Context: Understanding women's reasons for having abortions can inform public debate and policy regarding abortion and unwanted pregnancy. Demographic changes over the last two decades highlight the need for a reassessment of why women decide to have abortions.
Methods: In 2004, a structured survey was completed by 1,209 abortion patients at 11 large providers, and in-depth interviews were conducted with 38 women at four sites. Bivariate analyses examined differences in the reasons for abortion across subgroups, and multivariate logistic regression models assessed associations between respondent characteristics and reported reasons.
Results: The reasons most frequently cited were that having a child would interfere with a woman's education, work or ability to care for dependents (74%); that she could not afford a baby now (73%); and that she did not want to be a single mother or was having relationship problems (48%).

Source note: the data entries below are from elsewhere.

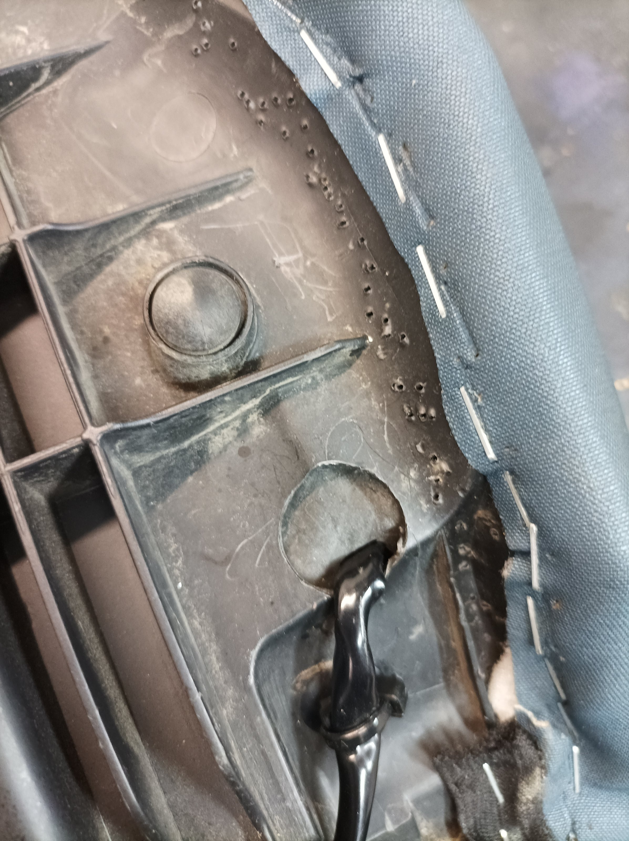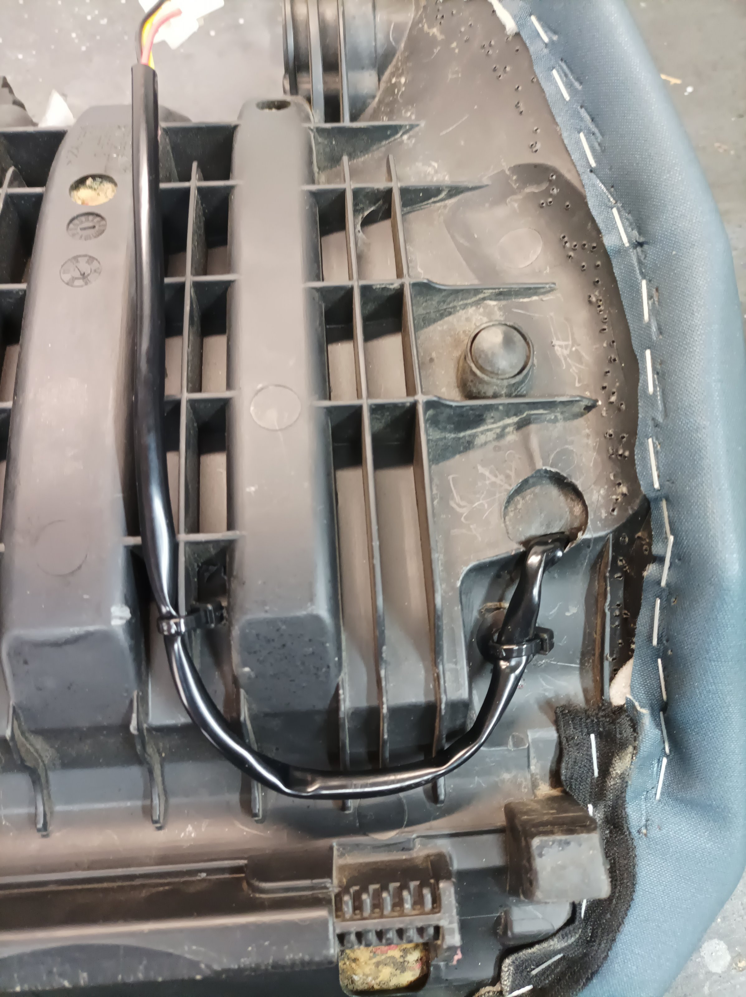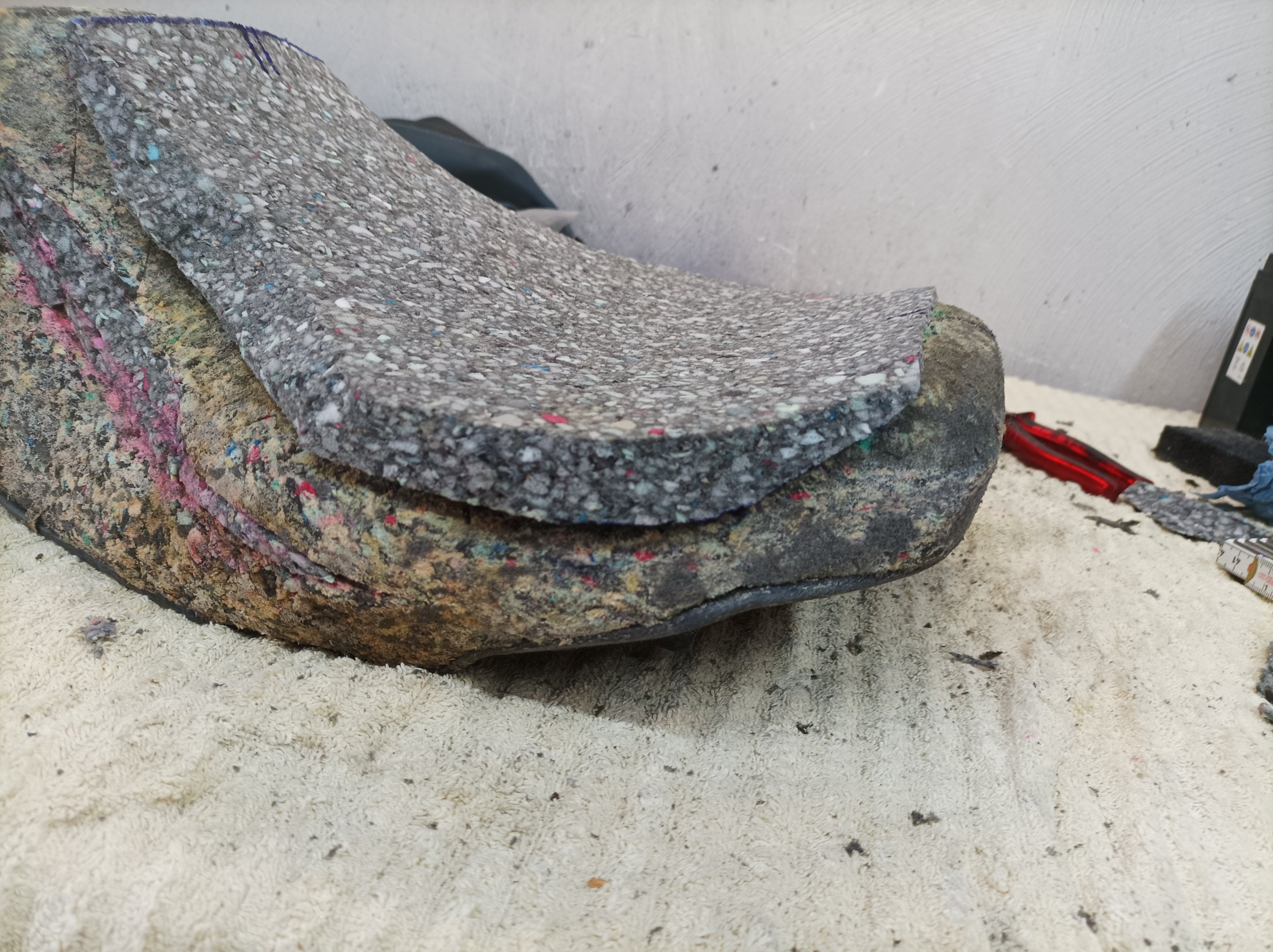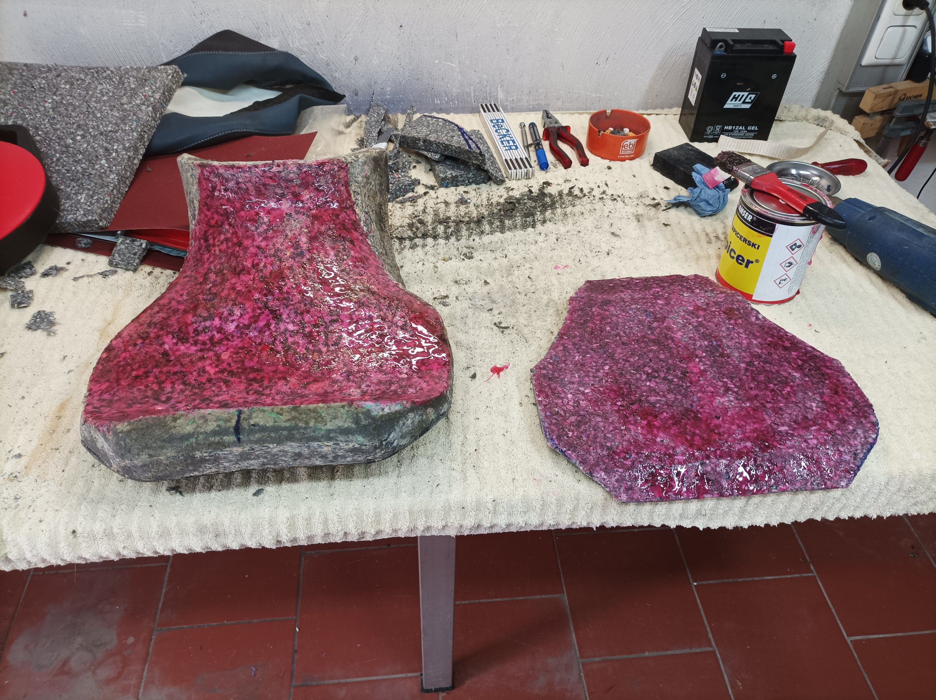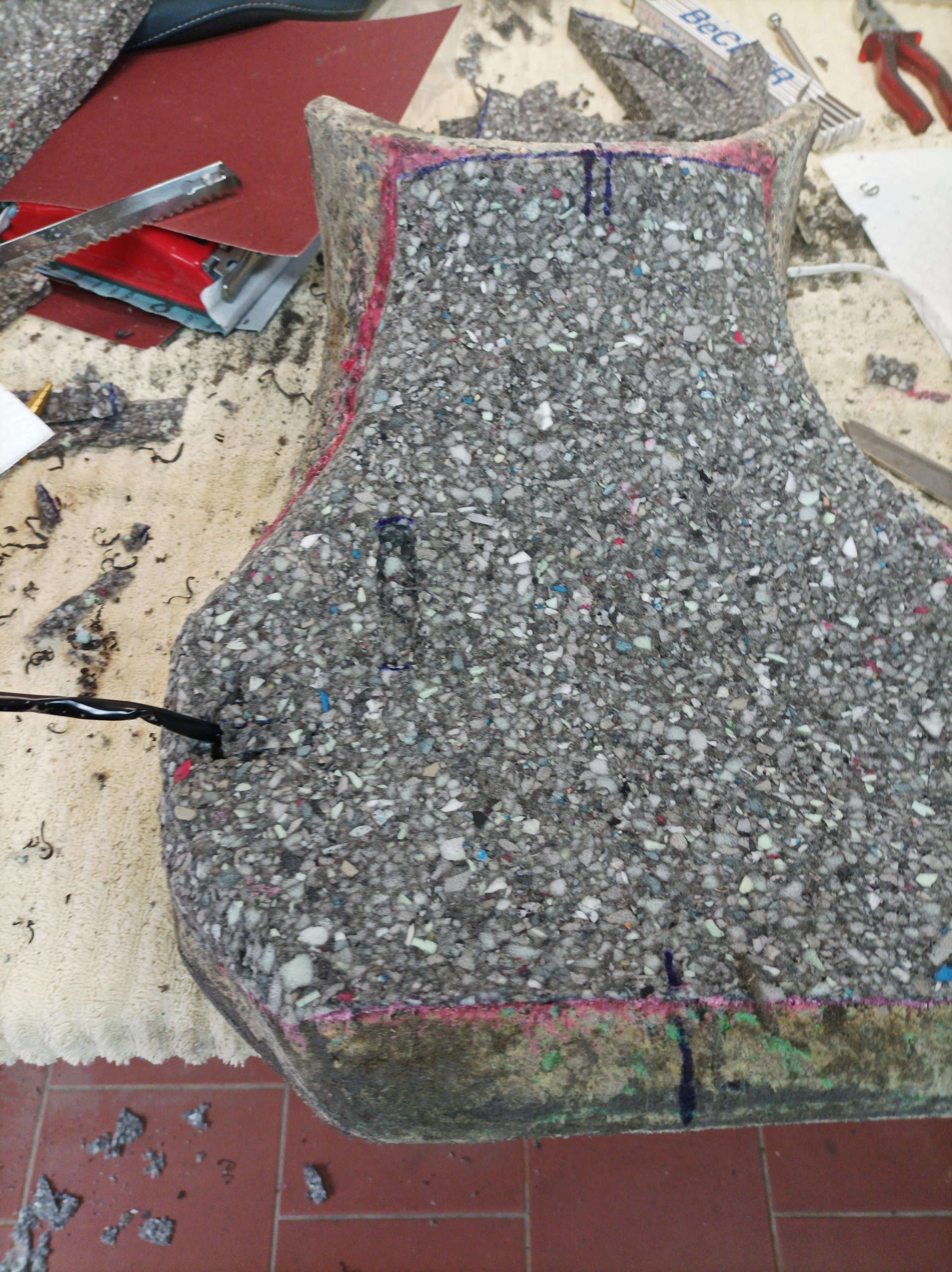 Nachdem die Passform soweit stimmte, habe ich geklebt und anschliessend mit Elektromesser und Schleifklotz die richtige Form hergestellt. Auf dem zweiten Bild ist bereits die Zuleitung für die Sitzheizung zu sehen. Da der Bezug einmal runter war und der nächste Winter bestimmt kommt.......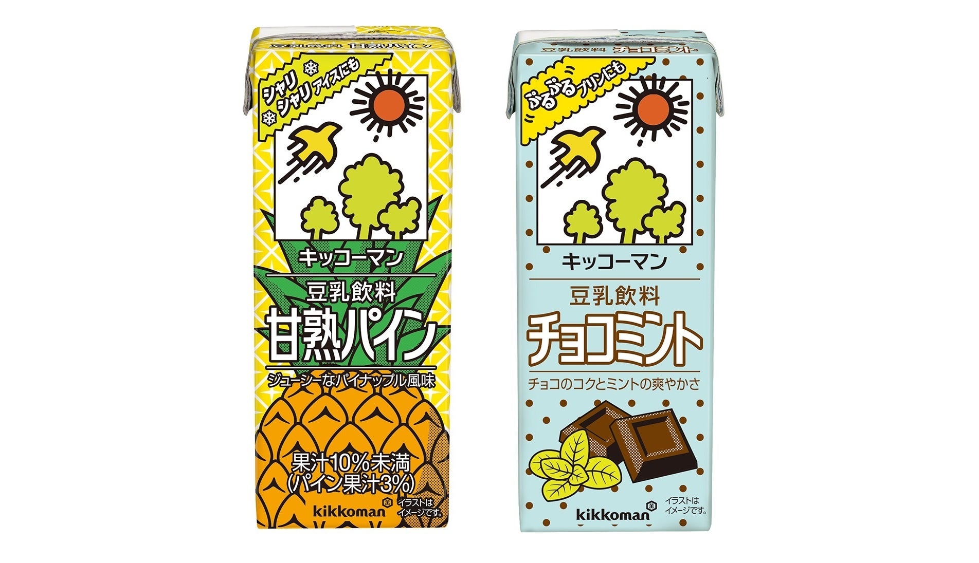 キッコーマンソイフーズ株式会社は、5月27日に、「キッコーマン 豆乳飲料 甘熟パイン」「キッコーマン 豆乳飲料 チョコミント」を全国で新発売します。9月末までの期間限定です。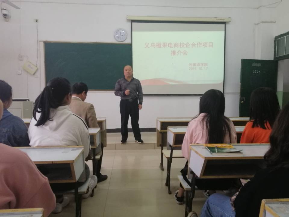 紧接着,橙果电商的陈总给同学们介绍了义乌橙果电商的发展历程以及他们的人才需求,并对员工在义乌的就业、创业前景进行了分析,鼓励同学们去义乌求职、发展。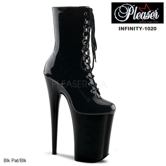 選べる靴用品プレゼント付 Pleaser(プリーザー) 9インチ(約23cm)ヒール 超厚底ショートブーツ/アンクルブーツ INFINITY-1020 ブラック◆取寄せ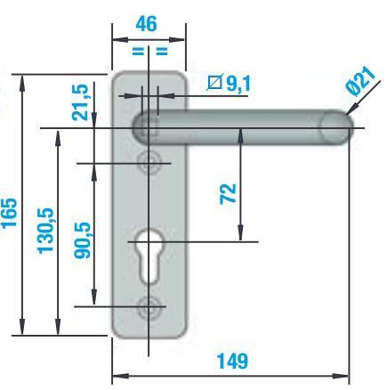 Maniglia con placca e foro cilindro per sistemi antipanico – ASSA ABLOY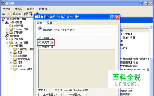 点击属性后就打开如下图所示的删除和阻止访问关机命令 属性对话框,我们可以看到对该功能是启用的,所以我们看不到关机菜单,现在我们要做的就是关闭这个功能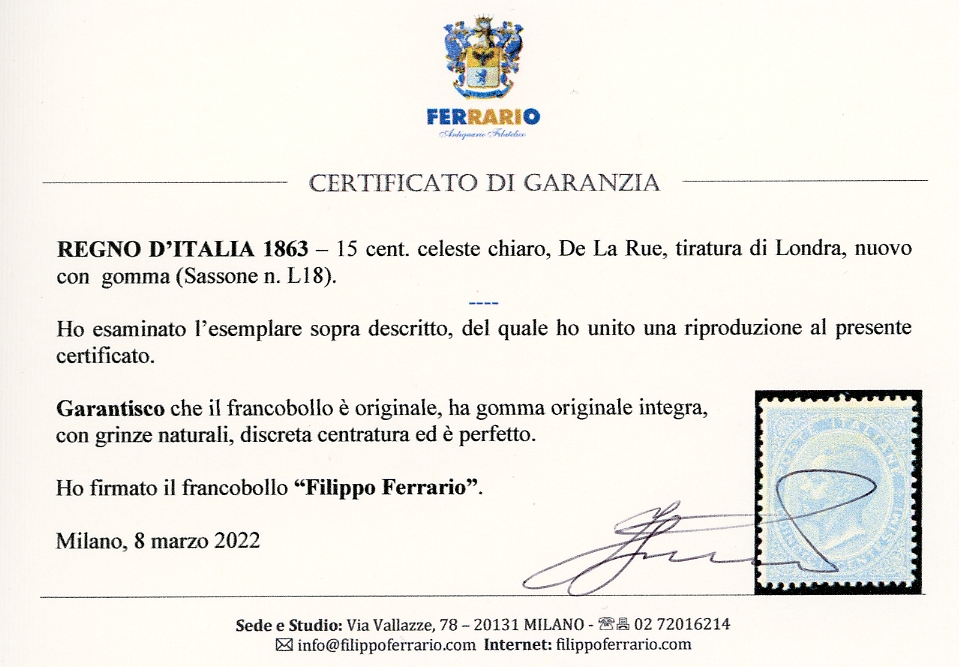 1863 - 15 cent. De La Rue (L18), discreta centratura, grinze di gomma naturali, gomma originale integra, perfetto. Sassone, cert. Ferrario.
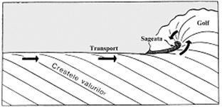 Fig. 19. Recurbarea sagetilor litorale datorita actiunii combinate a valurilor care se propaga din directii diferite (Selby, 1985).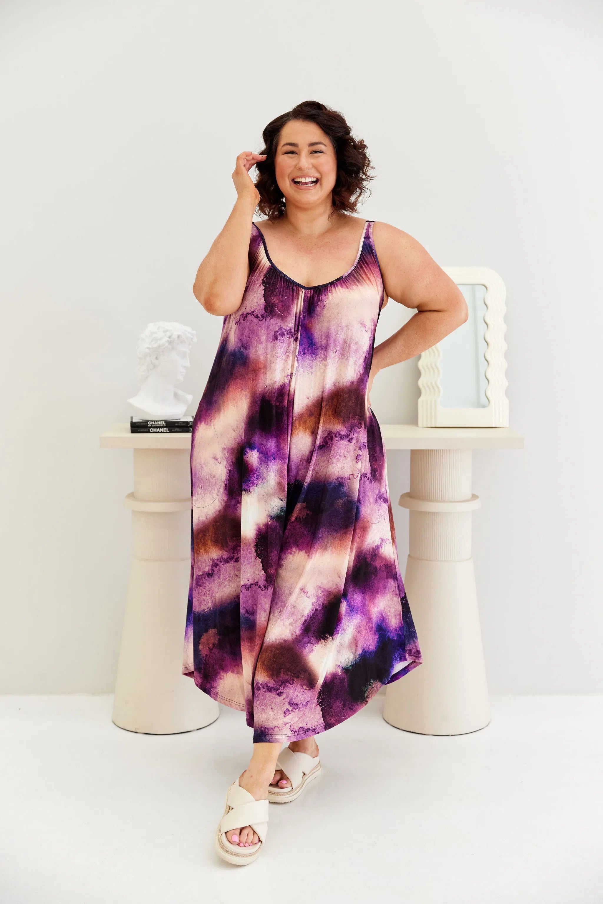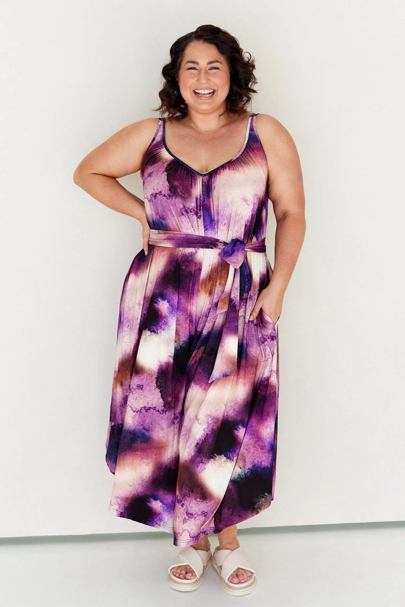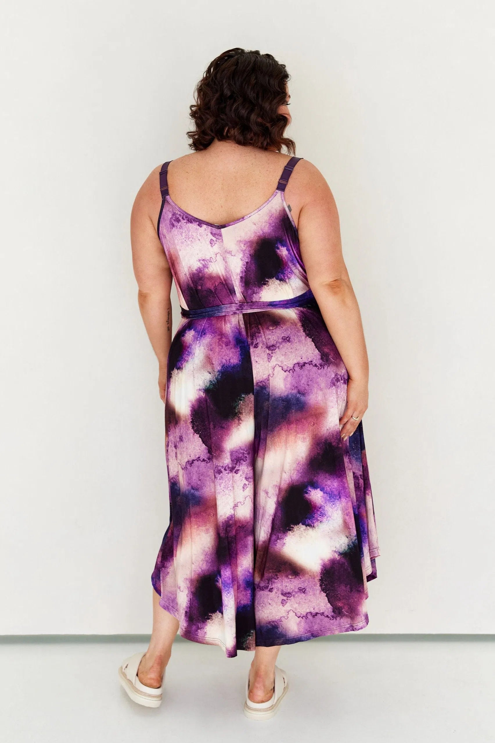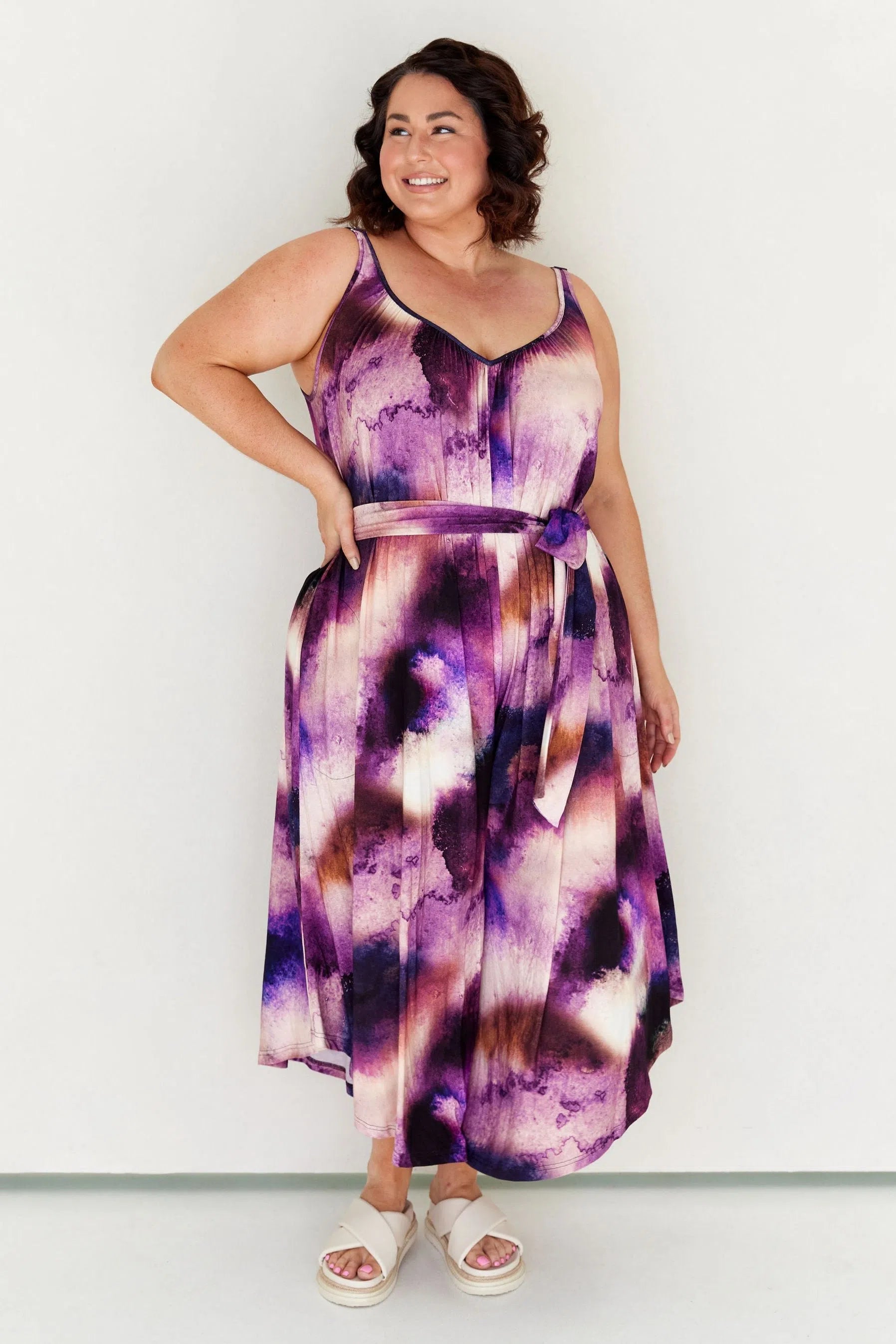 • Generous but a super easy fit! (our advice: wear how you like! The style is super relaxed and generous with adjustable straps to alter overall length and neckline position. Removable waist tie means you can cinch in to custom fit your body. Be guided by your bust size in size selection.)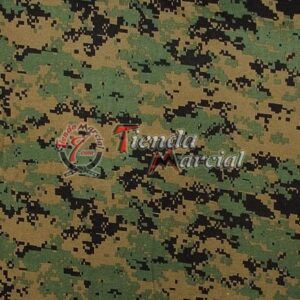 Camiseta camuflada tipo Woodland Digital Camo fabricada en 60% algodón y 40% poliéster, lo que nos brinda una frescura y comodidad a la vez de gran durabilidad y resistencia al deterioro prematuro.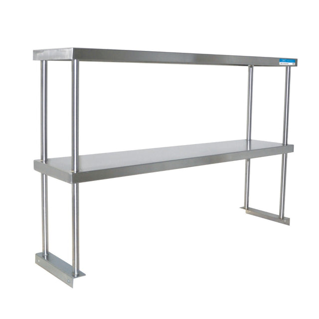 Double Overshelf, table mount, 60"W x 18"D x 31-1/4"H, 18/430 stainless steel, adjustable lower shelf, self tapping screws, shipped KD, NSF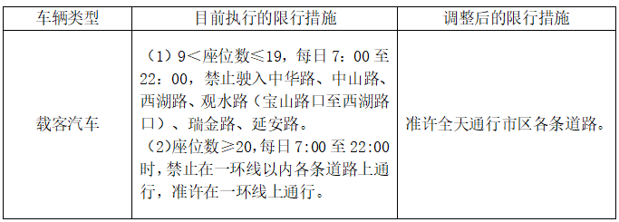 一、取消载客汽车和多用途货车(皮卡车)在市区的所有限行措施,即上述车辆准许全天通行市区各条道路。
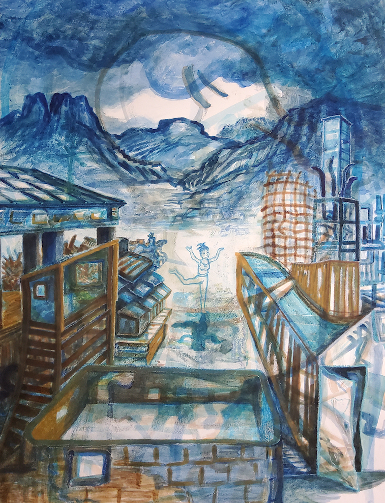 Technique mixte, neocolors, medium gras, peinture acrylique

Nearly four in 10 women said they had completed their childbearing, and almost one-third were not ready to have a child. Fewer than 1% said their parents' or partners' desire for them to have an abortion was the most important reason. Younger women often reported that they were unprepared for the transition to motherhood, while older women regularly cited their responsibility to dependents.
Conclusions: The decision to have an abortion is typically motivated by multiple, diverse and interrelated reasons. The themes of responsibility to others and resource limitations, such as financial constraints and lack of partner support, recurred throughout the study.